INFORMATION SHOWN –
***
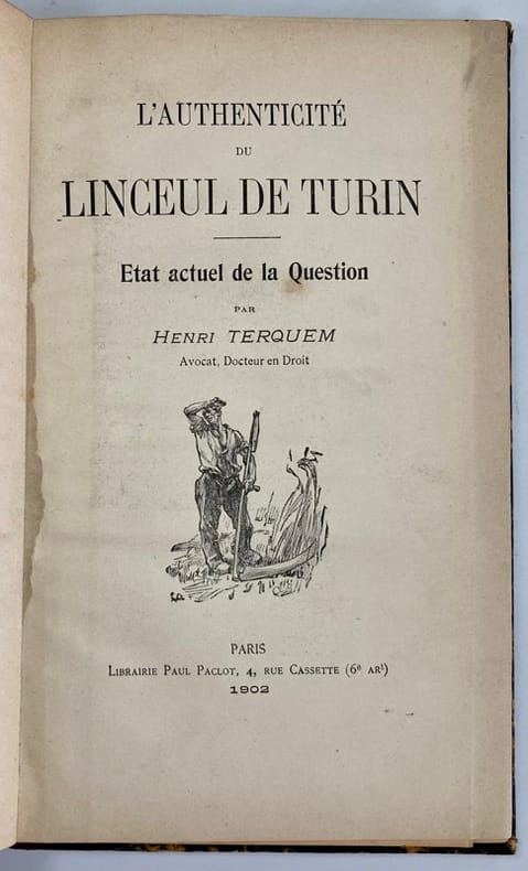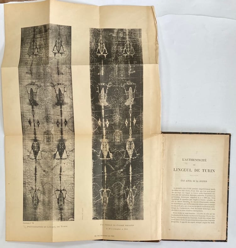 Etude consacrée à la question controversée de l’authenticité du Saint-Suaire de Turin, objet de vifs débats scientifiques et religieux au tournant du XXème siècle, suscités entre autre par les premiers clichés photographiques du linceul qui relancèrent la polémique. Illustrée du phototype et du fac-similé du négatif du linceul. Par une démarche scientifique rigoureuse, Terquem conclue en faveur de son authenticité.Reliure frottée. Déchirure sans manque sur la planche dépliante.
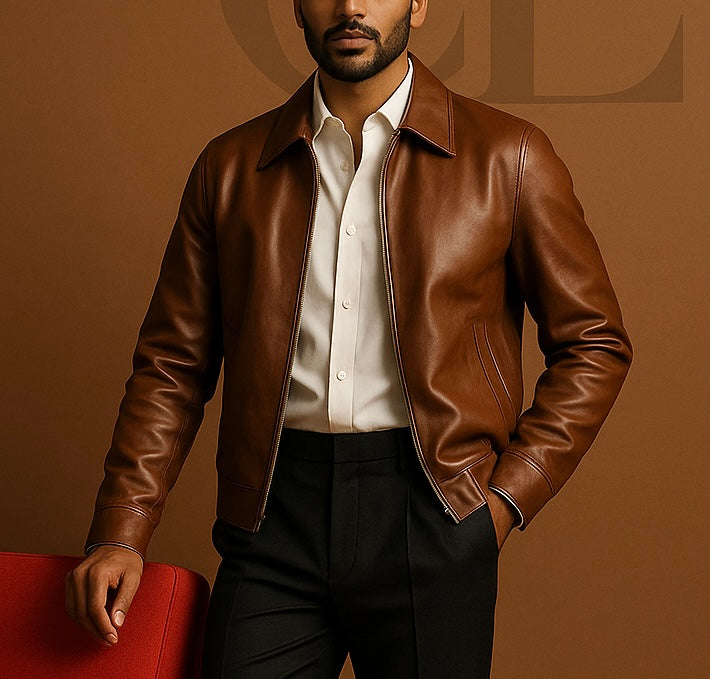 A sleek and sophisticated brown leather jacket designed for a refined look. Featuring a smooth finish, minimal stitching, and a clean zip-front closure, it pairs effortlessly with both formal and casual outfits, adding timeless elegance to any wardrobe.
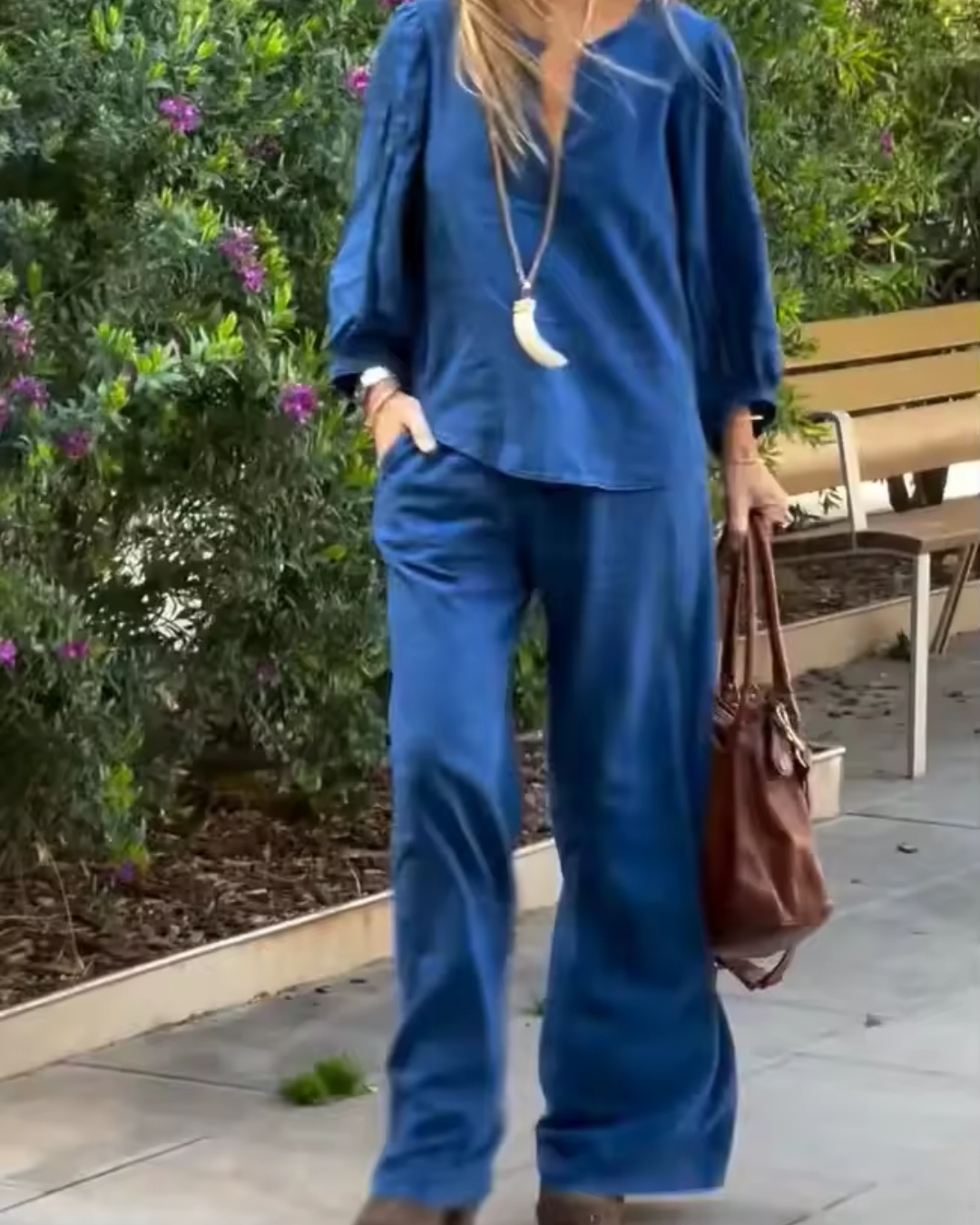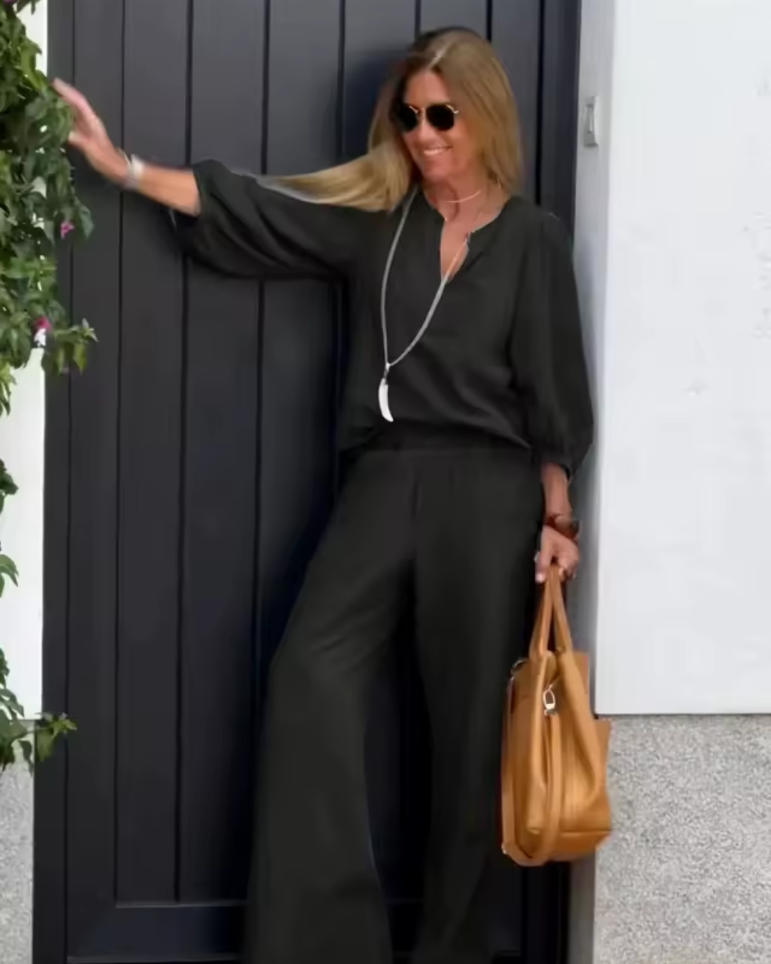 As peças são fluidas e elegantes, permitindo compor outros looks combinando a calça ou camisa com outras peças.
***
WORK TASK – Copy out each line of the data exactly as it reads; skip the pictures.

RESPONSE TO THE TASK –
 Etude consacrée à la question controversée de l’authenticité du Saint-Suaire de Turin, objet de vifs débats scientifiques et religieux au tournant du XXème siècle, suscités entre autre par les premiers clichés photographiques du linceul qui relancèrent la polémique. Illustrée du phototype et du fac-similé du négatif du linceul. Par une démarche scientifique rigoureuse, Terquem conclue en faveur de son authenticité.Reliure frottée. Déchirure sans manque sur la planche dépliante.
 A sleek and sophisticated brown leather jacket designed for a refined look. Featuring a smooth finish, minimal stitching, and a clean zip-front closure, it pairs effortlessly with both formal and casual outfits, adding timeless elegance to any wardrobe.
 As peças são fluidas e elegantes, permitindo compor outros looks combinando a calça ou camisa com outras peças.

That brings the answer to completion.